The Borrower shall provide the Agent with an opinion of Appleby (Cayman) Ltd., special counsel to the Security Parties, with respect to Cayman Islands law in respect of this letter agreement and the Mortgage Amendment for the Collateral Vessel owned by SBI Tango, in form and substance satisfactory to the Agent.

12.
The provisions of Clauses 29, 30, 32 and 33 of the Credit Agreement shall apply to this letter agreement as if set forth herein.

13.
Save as amended by this letter agreement, the provisions of the Credit Agreement and each of the other Finance Documents shall continue in full force and effect and the Credit Agreement and this letter agreement shall be read and construed as one instrument.

Very truly yours,

DEUTSCHE BANK AG FILIALE DEUTSCHLANDGESCHÄFT,
as Agent, Security Trustee, Lender
and Lead Arranger

/s/ Dr. Klaus Stoltenberg
By:__________________________
Name: Dr. Klaus Stoltenberg
Title: Managing Director
    
/s/ Tilman Stein
By: __________________________
Name: Tilman Stein
Title: Director / Senior Counsel
















Exhibit 4.59


We hereby acknowledge and agree to the foregoing and confirm and agree that (a) our obligations under the Finance Documents (as such term is defined in the Credit Agreement) to which we are a party remain valid and effective notwithstanding the arrangements contained above; (b) references in any such Finance Documents to the “Credit Agreement”, the “Agreement” or other equivalent references, shall be deemed to be references to the Credit Agreement as amended and supplemented by this letter agreement; and (c) references in any such Finance Document to a “Mortgage” or other equivalent references shall be deemed to be references to the relevant Mortgage or amended and supplemented by the relevant Mortgage Amendment.

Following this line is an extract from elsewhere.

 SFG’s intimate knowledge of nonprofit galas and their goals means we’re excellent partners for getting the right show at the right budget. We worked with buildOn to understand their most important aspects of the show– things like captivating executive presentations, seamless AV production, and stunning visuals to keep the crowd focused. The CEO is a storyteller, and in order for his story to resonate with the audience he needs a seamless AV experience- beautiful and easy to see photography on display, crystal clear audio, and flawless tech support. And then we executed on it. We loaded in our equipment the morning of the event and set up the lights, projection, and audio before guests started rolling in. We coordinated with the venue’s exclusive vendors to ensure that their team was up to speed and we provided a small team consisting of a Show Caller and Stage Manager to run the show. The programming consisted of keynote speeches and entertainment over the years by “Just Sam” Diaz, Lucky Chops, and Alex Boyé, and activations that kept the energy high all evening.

Scorpio Bulkers Inc., as Borrower
/s/ Hugh Baker
By:__________________________
Name: Hugh Baker
Title: Chief Financial Officer
Date: January _4_, 2017


We hereby acknowledge and agree to the foregoing and confirm and agree that (a) our obligations under the Finance Documents (as such term is defined in the Credit Agreement) to which we are a party remain valid and effective notwithstanding the arrangements contained above; (b) references in any such Finance Documents to the “Credit Agreement”, the “Agreement” or other equivalent references, shall be deemed to be references to the Credit Agreement as amended and supplemented by this letter agreement; and (c) references in any such Finance Document to a “Mortgage” or other equivalent references shall be deemed to be references to the relevant Mortgage or amended and supplemented by the relevant Mortgage Amendment.

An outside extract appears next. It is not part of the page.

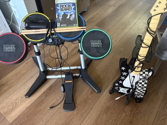Rock Band Xbox 360 COMPLETE Band Kit — Drums, Guitar, Mic, Game$300Poway, CA
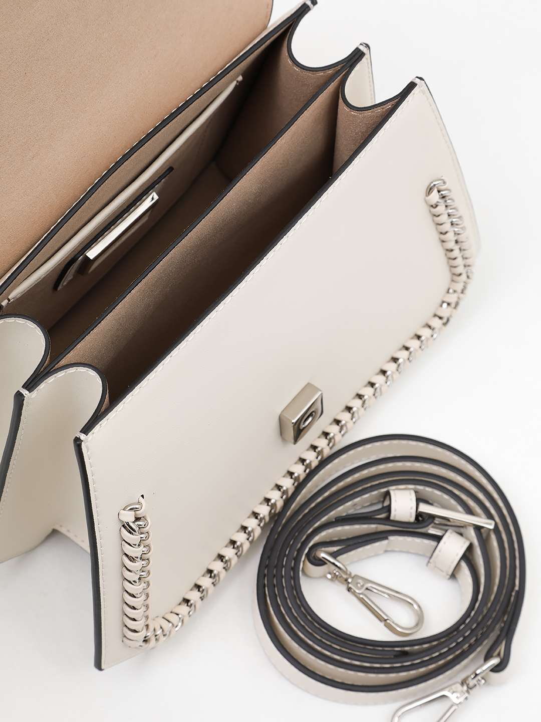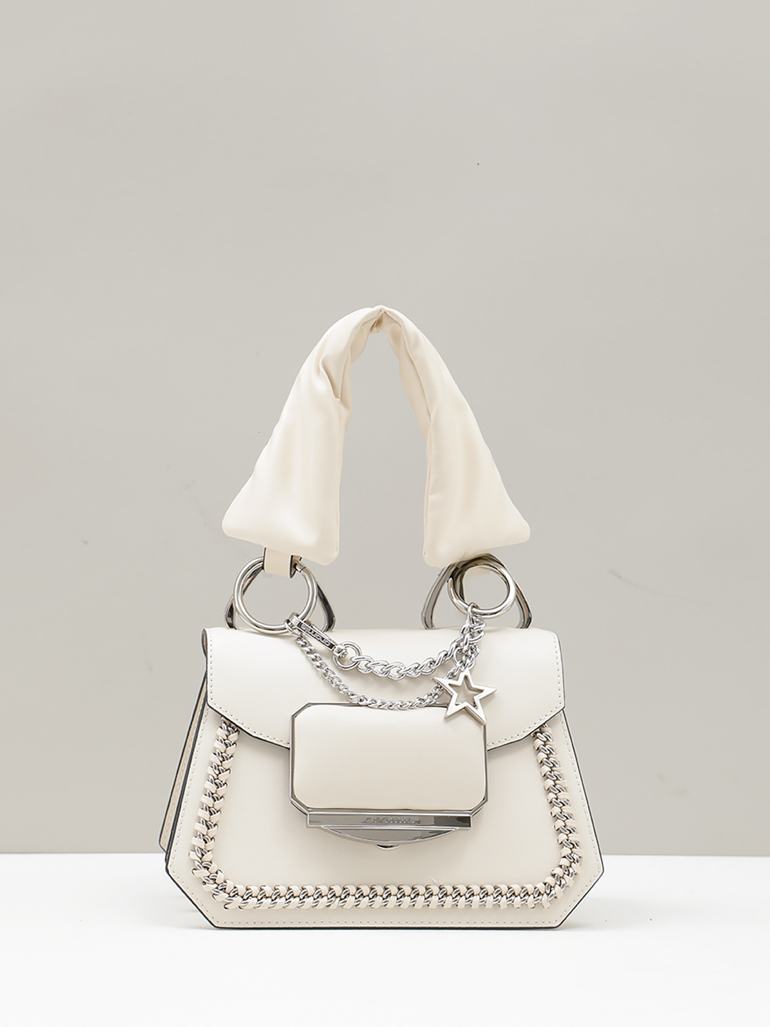 И ещё: сумочка без текстильной подкладки, закрывается перекидным клапаном на красивую фурнитуру, носится в руке. Отлично держит форму. Дополнительно прилагается длинный регулируемый кожаный ремешок на карабинах на плечо, максимальная длина - 127 см. Фурнитура - серебристый металл.

SBI Samba Shipping Company Limited, as a Guarantor
SBI Rumba Shipping Company Limited, as a Guarantor
SBI Tango Shipping Company Limited, as a Guarantor

/s/ Hugh Baker
By:__________________________
Name: Hugh Baker
Title: Secretary / Director
Date: January _4_, 2017




















Exhibit 4.59



Schedule 1


Guarantor Joinder Agreement dated February 13, 2015 between SBI Samba Shipping Company Limited and the Agent.

Guarantor Joinder Agreement dated February 17, 2015 between SBI Rumba Shipping Company Limited and the Agent.

Guarantor Joinder Agreement dated February 15, 2016 between SBI Tango Shipping Company Limited and the Agent.